(Data supplied Opens)

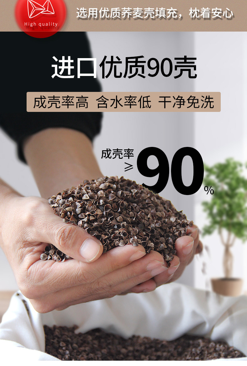 大号黑白【高枕苦荞】双层内胆+水洗棉枕套+90级荞麦壳
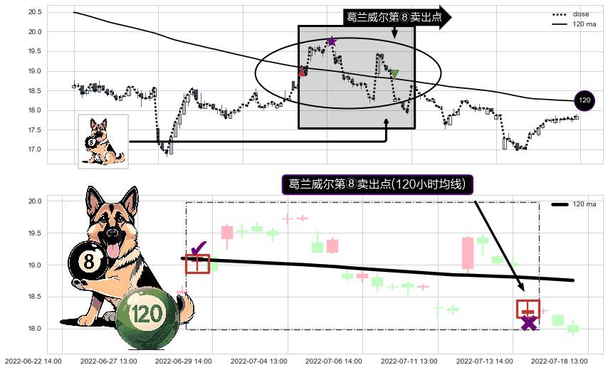 形态多维评估: ⚀ 2022-07-14 13:00:00-小时显现 葛兰威尔均线 120小时均线 第⑧卖出点 下降趋势的中继信号,后市看跌,卖出信号
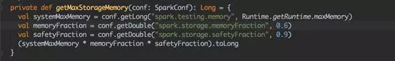 StorageMemory=systemMaxMemory*storageMemoryFraction(默认0.6)*safetyFraction(默认为0.9)=0.54,
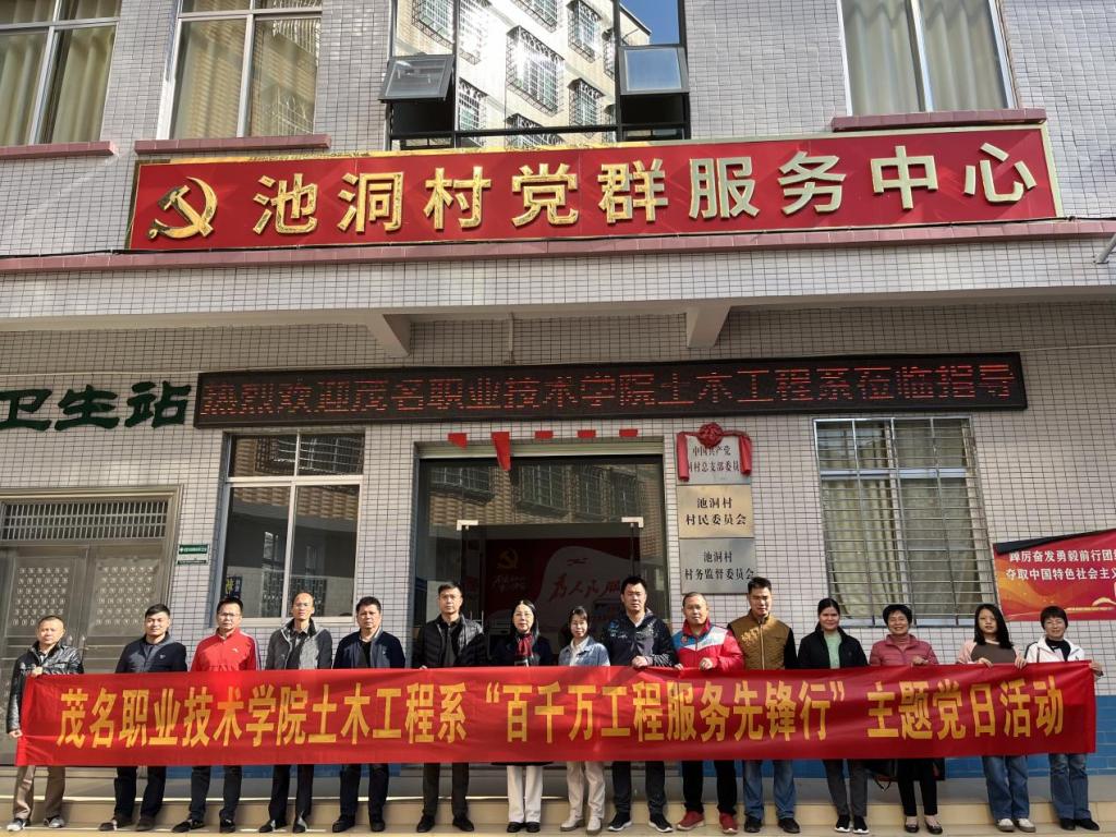 为深入贯彻党的二十大精神,落实广东省委和茂名市委关于实施“百县千镇万村高质量发展工程”部署要求,推动《茂名职业技术学院联系对接信宜市池洞镇开展“百县千镇万村高质量发展工程”工作实施方案》落地落实,1月4日上午,土木工程系党总支组织党员教师到池洞镇池洞村开展“百千万工程服务先锋行”主题党日活动。
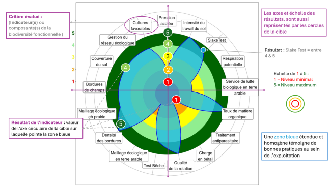 Ce premier graphique présente les résultats obtenus pour chaque indicateur évalué sur une exploitation agricole. Il est accompagné d’une clé de lecture afin d’en faciliter l’interprétation.

(Data supplied Closes)

Requirement:
Copy out every line above, word for word, minus images.

Task output:
 大号黑白【高枕苦荞】双层内胆+水洗棉枕套+90级荞麦壳
 形态多维评估: ⚀ 2022-07-14 13:00:00-小时显现 葛兰威尔均线 120小时均线 第⑧卖出点 下降趋势的中继信号,后市看跌,卖出信号
 StorageMemory=systemMaxMemory*storageMemoryFraction(默认0.6)*safetyFraction(默认为0.9)=0.54,
 为深入贯彻党的二十大精神,落实广东省委和茂名市委关于实施“百县千镇万村高质量发展工程”部署要求,推动《茂名职业技术学院联系对接信宜市池洞镇开展“百县千镇万村高质量发展工程”工作实施方案》落地落实,1月4日上午,土木工程系党总支组织党员教师到池洞镇池洞村开展“百千万工程服务先锋行”主题党日活动。
 Ce premier graphique présente les résultats obtenus pour chaque indicateur évalué sur une exploitation agricole. Il est accompagné d’une clé de lecture afin d’en faciliter l’interprétation.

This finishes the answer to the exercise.